▶ **Work required**:
Of all the lines below, return only those starting with the line holding "This photo taken" and going on through the line holding "Erken seçim isteyenler", exactly as written.

▶ **Data listing**:

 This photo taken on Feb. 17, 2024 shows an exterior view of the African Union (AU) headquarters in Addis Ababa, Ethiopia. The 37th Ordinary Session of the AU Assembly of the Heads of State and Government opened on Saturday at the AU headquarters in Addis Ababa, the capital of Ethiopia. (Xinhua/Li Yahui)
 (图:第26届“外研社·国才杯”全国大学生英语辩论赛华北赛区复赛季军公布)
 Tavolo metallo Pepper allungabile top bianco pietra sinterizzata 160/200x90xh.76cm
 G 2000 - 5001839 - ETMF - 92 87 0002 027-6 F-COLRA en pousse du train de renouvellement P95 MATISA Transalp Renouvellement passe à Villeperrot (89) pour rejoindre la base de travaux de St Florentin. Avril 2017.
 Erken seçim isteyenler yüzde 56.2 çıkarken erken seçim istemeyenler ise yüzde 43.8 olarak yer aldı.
--
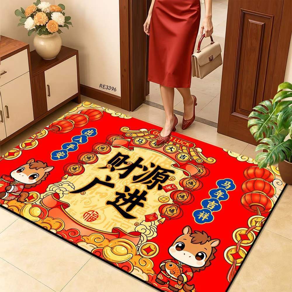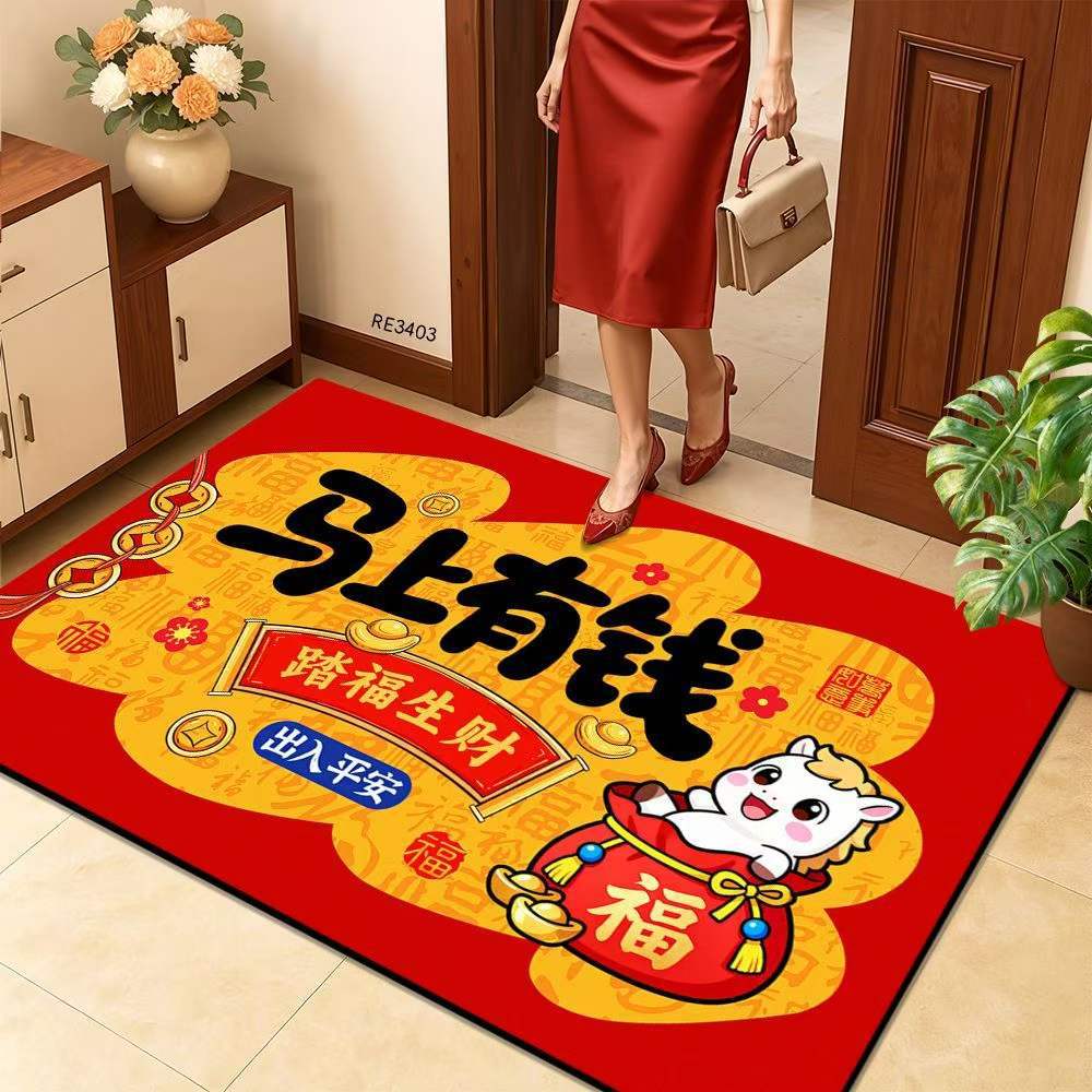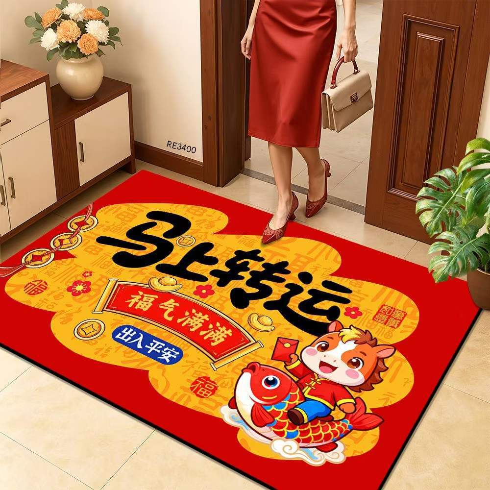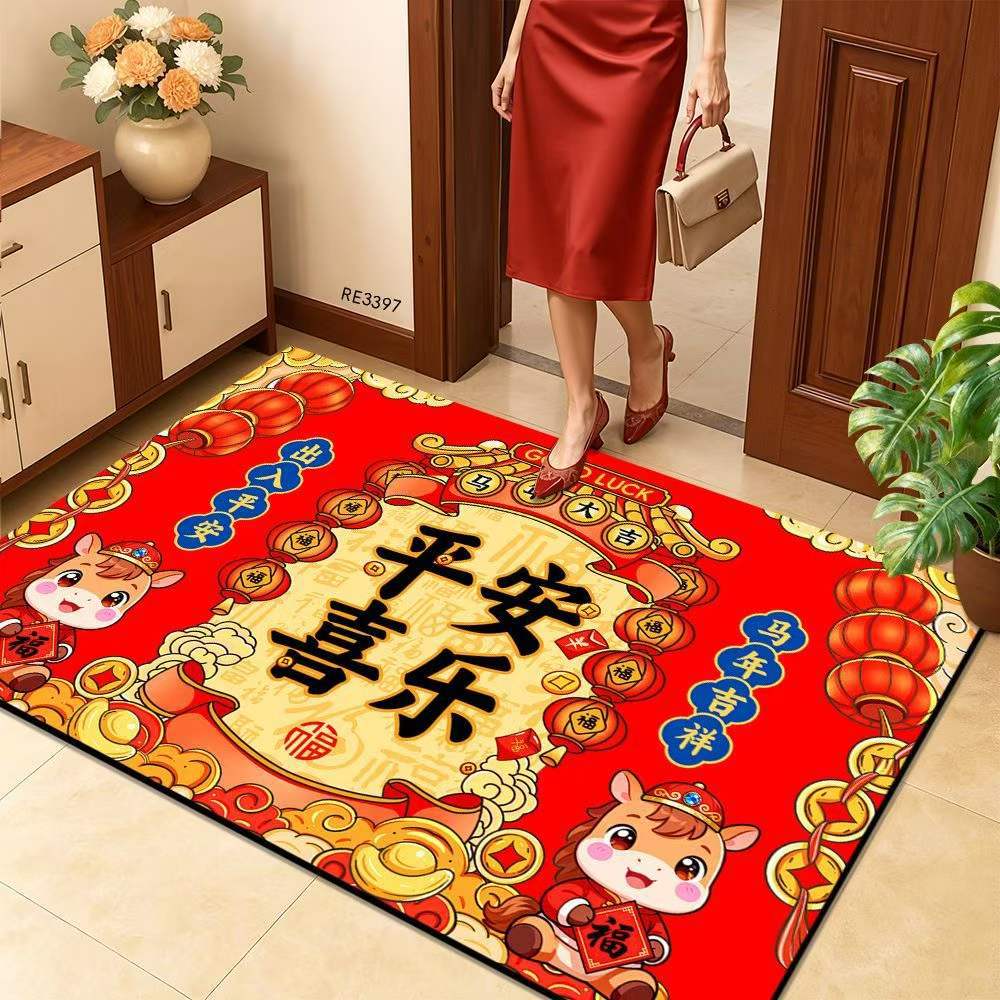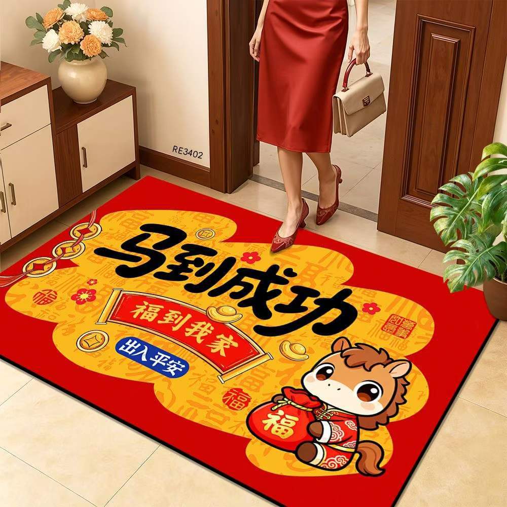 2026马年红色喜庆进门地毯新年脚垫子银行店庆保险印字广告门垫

▶ **Exercise result**:
 This photo taken on Feb. 17, 2024 shows an exterior view of the African Union (AU) headquarters in Addis Ababa, Ethiopia. The 37th Ordinary Session of the AU Assembly of the Heads of State and Government opened on Saturday at the AU headquarters in Addis Ababa, the capital of Ethiopia. (Xinhua/Li Yahui)
 (图:第26届“外研社·国才杯”全国大学生英语辩论赛华北赛区复赛季军公布)
 Tavolo metallo Pepper allungabile top bianco pietra sinterizzata 160/200x90xh.76cm
 G 2000 - 5001839 - ETMF - 92 87 0002 027-6 F-COLRA en pousse du train de renouvellement P95 MATISA Transalp Renouvellement passe à Villeperrot (89) pour rejoindre la base de travaux de St Florentin. Avril 2017.
 Erken seçim isteyenler yüzde 56.2 çıkarken erken seçim istemeyenler ise yüzde 43.8 olarak yer aldı.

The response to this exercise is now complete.